5. Targeting PI3K/PTEN/AKT Signaling Pathway Molecules in the Treatment of Renal Cell Carcinoma

The use of targeted therapies has improved clinical outcomes in patients with metastatic renal cell carcinoma; however, resistance to targeted therapies may develop in most patients over time, which compromises therapeutic efficacy [28]. Therefore, the quest for new targets for intervention bears great significance in improving the prognosis of patients with renal cell carcinoma.

5.1. PI3K Inhibitor

LY294002 is the first synthetic PI3K inhibitor that permeabilizes cells and specifically inhibits the expression of PI3K-α, β, and δ, which consequently regulates the PI3K/AKT signaling pathway. It was shown that LY294002 promotes glycyrrhiza chalcone A-induced autophagy in kidney cancer cells [29]. Besides, blocking the AKT pathway with the specific inhibitor LY294002 reverses matrix metalloproteinase expression and negatively regulates renal cancer cell migration and invasion [30].

5.2. AKT Inhibitor

MK2206 is a potent, highly specific, non-ATP-competitive binding AKT inhibitor, with high inhibitory effects on AKT1 and AKT2 activity but little on AKT3 [31]. Akt inhibitor MK-2206 has been reported to regulate cancer cell biological behavior by modulating the PI3K/Akt signaling pathway [32]. A potential synergistic effect of MK2206 on enhancing radiotherapy sensitivity in patients with malignant tumors has also been revealed in a prior study [33]. Miransertib is a novel orally bioactive and selective AKT inhibitor with a favorable and modifiable safety profile in advanced solid tumors [34], but it has not yet been reported for the treatment of renal cancer. To the best of our knowledge, ARQ751 is also a potent and selective AKT inhibitor.
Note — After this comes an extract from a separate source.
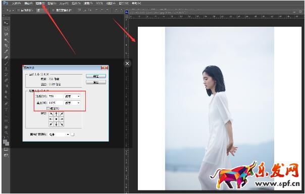豎著的圖片我們要把它變成正方形就稍微有點麻煩,但是這都不是事兒,首先我們要建立一個畫布,這個是在ps最上方的圖層里面可以找到。注意的是要把短的數(shù)據(jù)調(diào)到大的數(shù)據(jù),如圖把750改成1125,這樣就會變成了正方形。
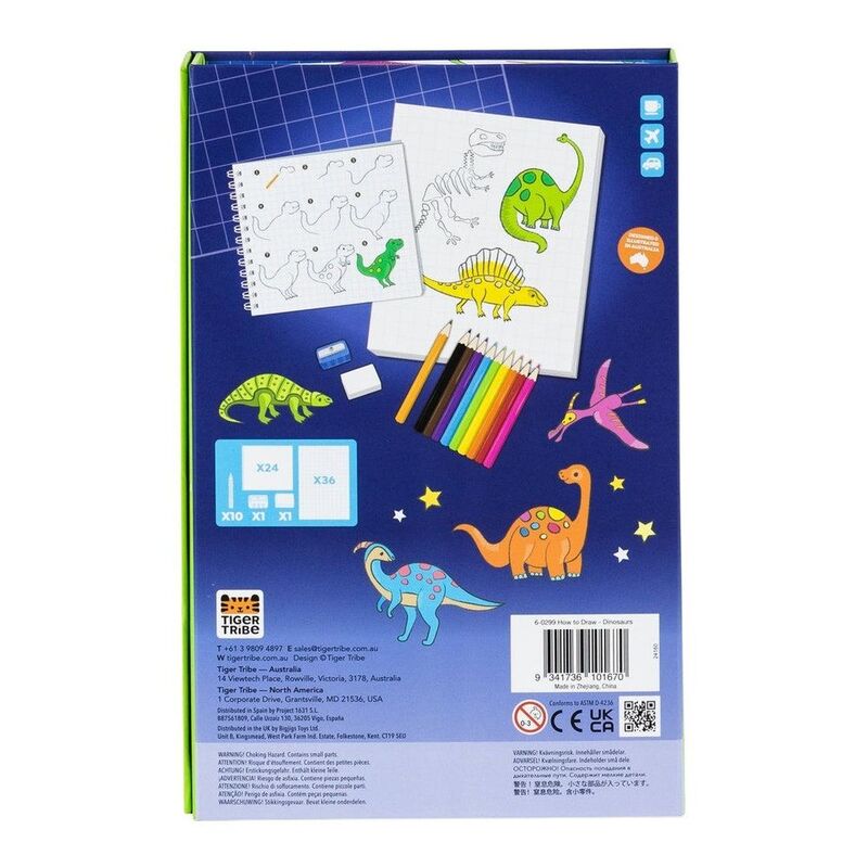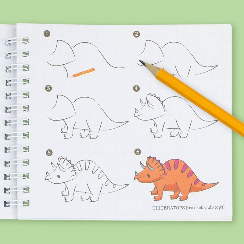• All-in-one activity set teaching kids how to draw dinosaurs

At the American Society of Hematology 2019, ArQule presented data from the phase I clinical trial of ARQ751 showing that ARQ751 may be effective for the treatment of solid tumors carrying PKD3CA/AKT/PTEN mutations.

5.3. PTEN Agonists

PTEN is considered a dormant tumor suppressor gene. One study analyzed the correlation of PTEN with clinical stage, pathological type, foreman grading, overall survival, progression-free survival, and disease-specific survival in renal cancer and revealed a significant association of PTEN expression with unfavorable decision support systems. Specifically, its low expression may predict poor outcomes [35]. The proliferation and colony formation of kidney cancer cells were substantially inhibited by upregulation of PTEN expression, which induced cells to enter G1 phase arrest [36]. Nonetheless, no targeted drugs that directly agonize PTEN have yet been discovered. Ribosomal protein S6 kinase 1 (S6 kinase 1, S6K1) is an important substrate for mTOR. It was found that novel inhibitor molecules targeting S6K1 exert specific cytotoxic effects on PTEN-deficient cancer cells [37].

6. Prospects

The activation of the PI3K/PTEN/AKT signaling pathway for various causes promotes tumor progression and metastasis, which plays an important role in the genesis and development of many malignancies and has become a new target for tumor therapy [38]. However, the biological properties and mechanisms of action of this pathway have not been fully elucidated at home and abroad. In particular, in renal cell carcinoma, only one case has been reported [8, 39] on the relationship between PI3K/PTEN/AKT signaling pathway and renal cell carcinoma. Nevertheless, many issues remain. In addition, the role of PI3K/PTEN/AKT pathway target proteins in renal cell carcinoma is still poorly understood. Many of the new PI3K inhibitors, AKT inhibitors, and PTEN agonists are still in clinical trials, with unknown effects in renal cell carcinoma. The combination of three targeted drugs is expected to be a hotspot for future research in renal cell carcinoma. As research progresses, the PI3K/PTEN/AKT pathway is expected to become a more precise target to maximize the clinical efficiency of patients with renal cell carcinoma.